The last such global crisis occurred between A.D. 530 and 540-- at the beginning of the Dark Ages in Europe -- when Earth was pummeled by a swarm of cosmic debris.
In a forthcoming book, Catastrophe, the Day the Sun Went Out, British historian David Keys describes a 2-year-long winter that began in A.D. 535. Trees from California to Ireland to Siberia stopped growing. Crops failed. Plague and famine decimated Italy, China and the Middle East.
Keys quotes the writings of a 6th-century Syrian bishop, John of Ephesus: ``The sun became dark. ... Each day it shone for about four hours and still this light was only a feeble shadow.'' A contemporary Italian historian, Flavius Cassiodorus, wrote: ``We marvel to see no shadows of our bodies at noon. We have summer without heat.'' And a contemporary Chinese chronicler reported, ``Yellow dust rained like snow.''
Researchers say similar environmental calamities occurred around 3200 B.C., 2300 B.C., 1628 B.C. and 1159 B.C. Each led to the collapse of urban societies in widely scattered portions of the globe.

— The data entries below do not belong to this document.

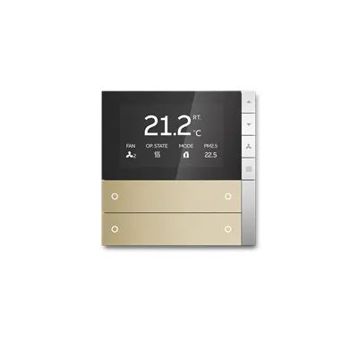 2TAZ730210R4110 ABB: ABB i-bus®KNX sensor PEONIA® control element 2/4-fold with Room Temperature Controller, FM. With integrated bus coupling unit and temperature sensor. Proximity sensor, energy saving function. Switch contact left/right. Replaceable rocker without icon. Push button function: switching/dimming/blind/value sending/step-type switch/lightscene/ fan function. With base-load operation. The controller is a constant room temperature controller for ventilator convectors (fan-coil) in 2 and 4 pipe system and conventional heating and cooling systems. The fan stage can be switched manually or automatic mode. Dedicated capacitive touch RTC control button with vibration feedback, Single/Master/Slave configuration. Display element: TFT display, showing operation mode, temperature, option: time, PM2.5, CO2, Humidity, VOC, room temperature. Display element: TFT display, showing dynamic animation for dimming, blind, scene. Individual programmable LED per rocker. Top and bottom ambient LED strip. LED colour: red/green/yellow/blue/red-orange/violet/white.
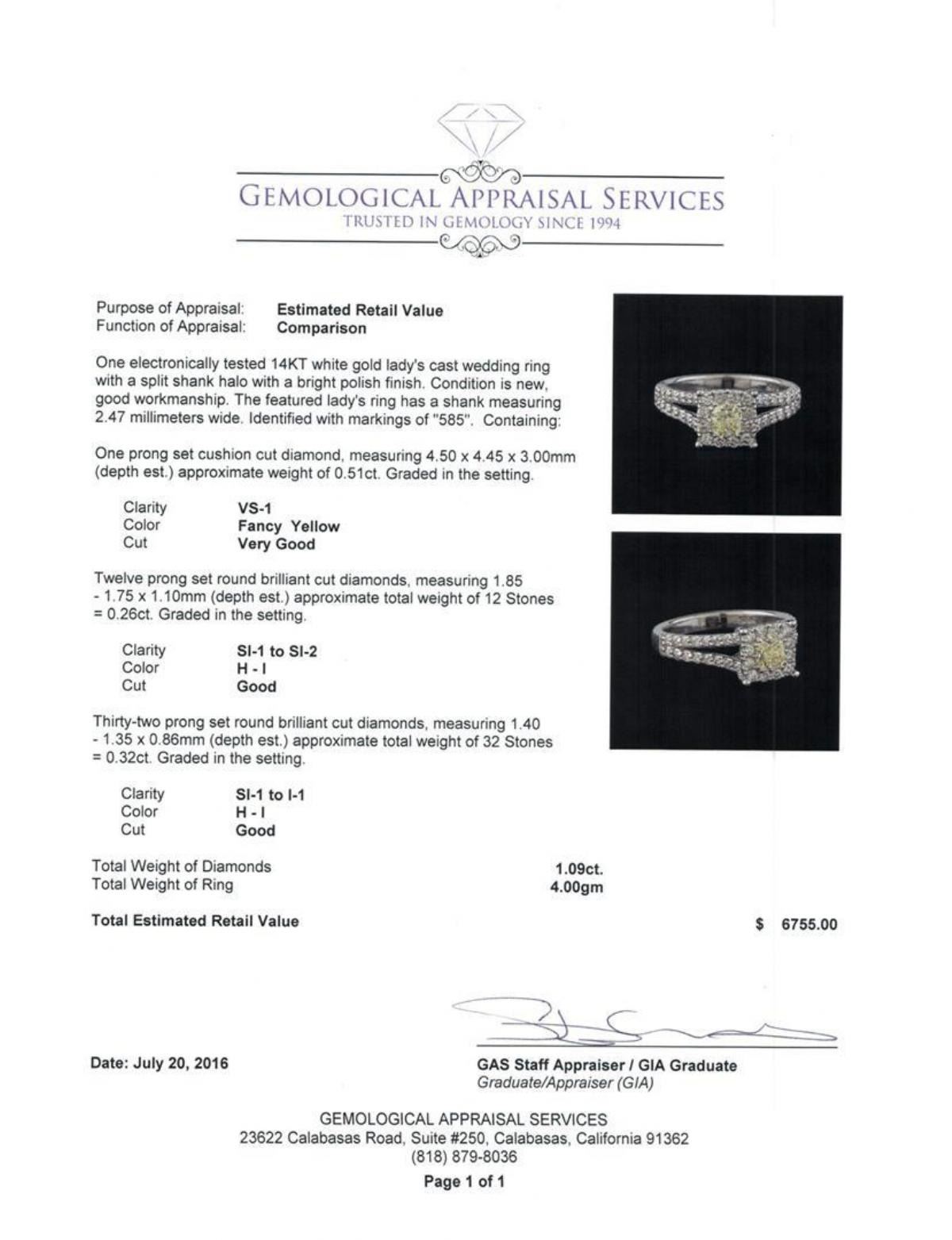 One electronically tested 14KT white gold lady's cast wedding ring with a split shank halo with a bright polish finish. The featured lady's ring has a shank measuring 2.47 millimeters wide. Identified with markings of '585'. Condition is new, good workmanship. Containing: One prong set cushion cut diamond, measuring 4.50 x 4.45 x 3.00mm (depth est.) approximate weight of 0.51ct. Graded in the setting. Clarity VS-1 Cut Very Good Twelve prong set round brilliant cut diamonds, measuring 1.85 - 1.75 x 1.10mm (depth est.) approximate total weight of 12 Stones = 0.26ct. Graded in the setting. Clarity SI-1 to SI-2. Color: H - I Cut Good Thirty-Two prong set round brilliant cut diamonds, measuring 1.40 - 1.35 x 0.86mm (depth est.) approximate total weight of 32 Stones = 0.32ct. Graded in the setting. Clarity SI-1 to I-1. Color: H - I Cut Good. Total Weight of Diamonds 1.09ct.. Total Weight of Ring 4.00gm. GAS Appraised.
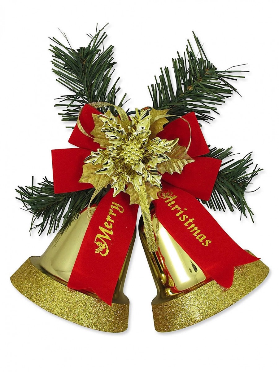 These decorative bells are all dressed up and ready to go in your home this holiday season. The two large plastic golden bells measure 10cm in diameter and have rims bedecked in glitter. The bells are adorned with evergreen accents and a red velvet bow reading 'Merry Christmas.' Gold ribbons and decorations fill the velvet bow, accenting the piece with metallic shine. This bell cluster is a perfect accent item for home decoration. The entire piece measures 21cm x 11cm x 35cm, making this piece a fantastic size to hang from any door or wall. Hang it up to welcome your guests into your home, or to bring Christmas cheer to any room of your house. The joyous symbol of the bells is sure to put smiles on the faces of your friends and families. Decorating your home for the holiday season is one of the most fun, and easiest, to help you and your family tap into the Christmas spirit. The Christmas Warehouse has everything you need to decorate your home for the holidays. From Christmas trees, to stockings, to twinkling lights, the Christmas Warehouse has it all.
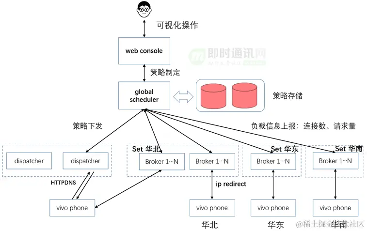 针对上述单个地区异常导致该区域部分设备无法收到推送消息的问题,我们设计了一套流量调度系统,可以做到实时流量调度和切换。global scheduler节点负责策略调度和管理。
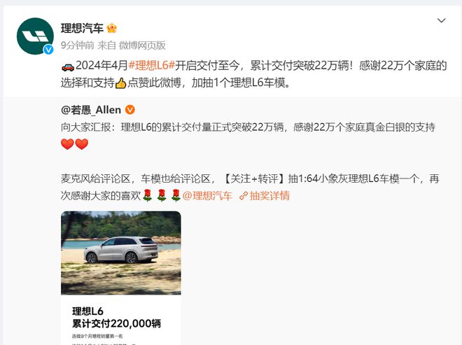 每经AI快讯,2月26日,理想汽车在微博发文称,理想L6开启交付至今,累计交付突破22万辆。
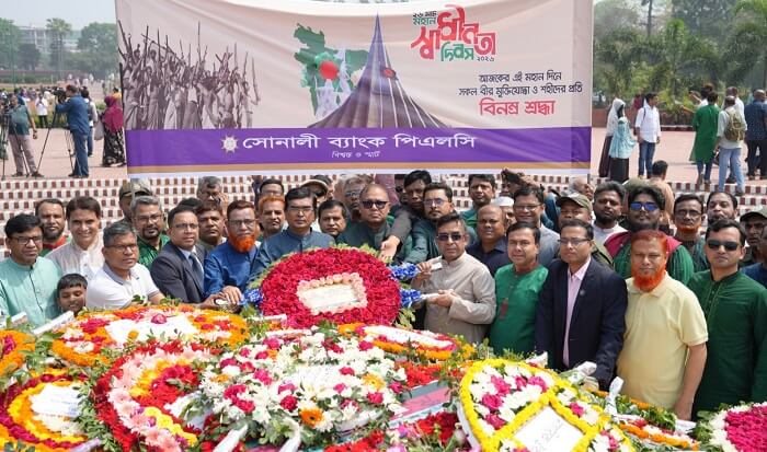 যথাযোগ্য মর্যাদায় মহান স্বাধীনতা ও জাতীয় দিবস-২০২৬ উদযাপন করেছে সোনালী ব্যাংক পিএলসি। ২৬ মার্চ, বৃহস্পতিবার ব্যাংকের এমডি অ্যান্ড সিইও মো. শওকত আলী খানের নেতৃত্বে সাভারে জাতীয় স্মৃতিসৌধে পুষ্পস্তবক অর্পণের মাধ্যমে জাতির শ্রেষ্ঠ সন্তান বীর শহীদদের স্মৃতির প্রতি শ্রদ্ধা নিবেদন করা হয়।
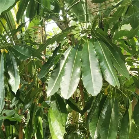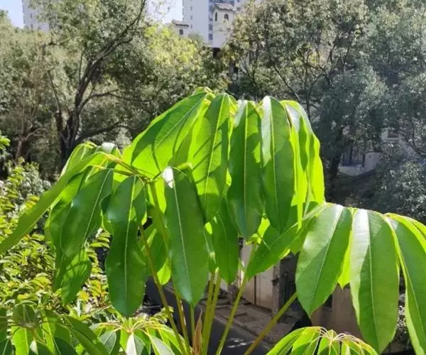 昆士兰伞木,吕松鹅掌柴 ,称昆石兰遮树,澳洲鸭脚木、方式叶鹅掌柴、伞树、大叶伞。叶片阔大,柔软下…
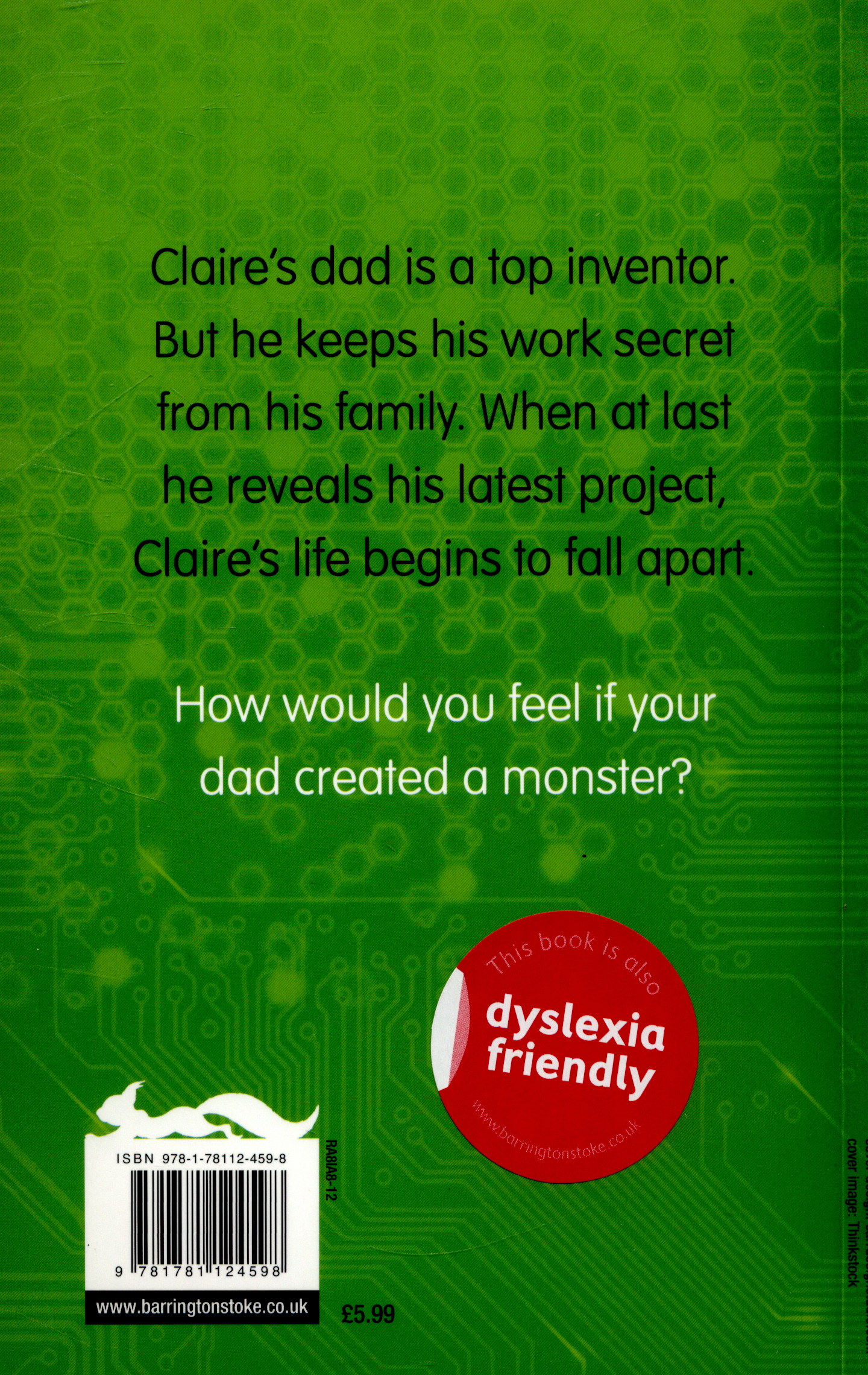 But the big reveal isn't at all what she expected and now Claire has a dilemma on her hands – what do you do when your dad has created a monster…? Particularly suitable for readers aged 9+ with a reading age of 8.

Destructive as they were, the natural disasters that have plagued Earth since the dawn of human civilization are but popguns compared with the truly titanic catastrophes of prehistoric eras.
There have been at least five of these monster events, each of which wiped out most of the creatures living at the time, the fossil record shows.
The best known was a 6-mile-wide meteor that smashed into what is now the Gulf of Mexico 65 million years ago. The collision wreathed the planet in clouds of dust, poisoned the atmosphere and drove the dinosaurs, then rulers of the Earth, into extinction. Traces of the enormous crater, at least 100 miles across, created by the impact were found in 1990.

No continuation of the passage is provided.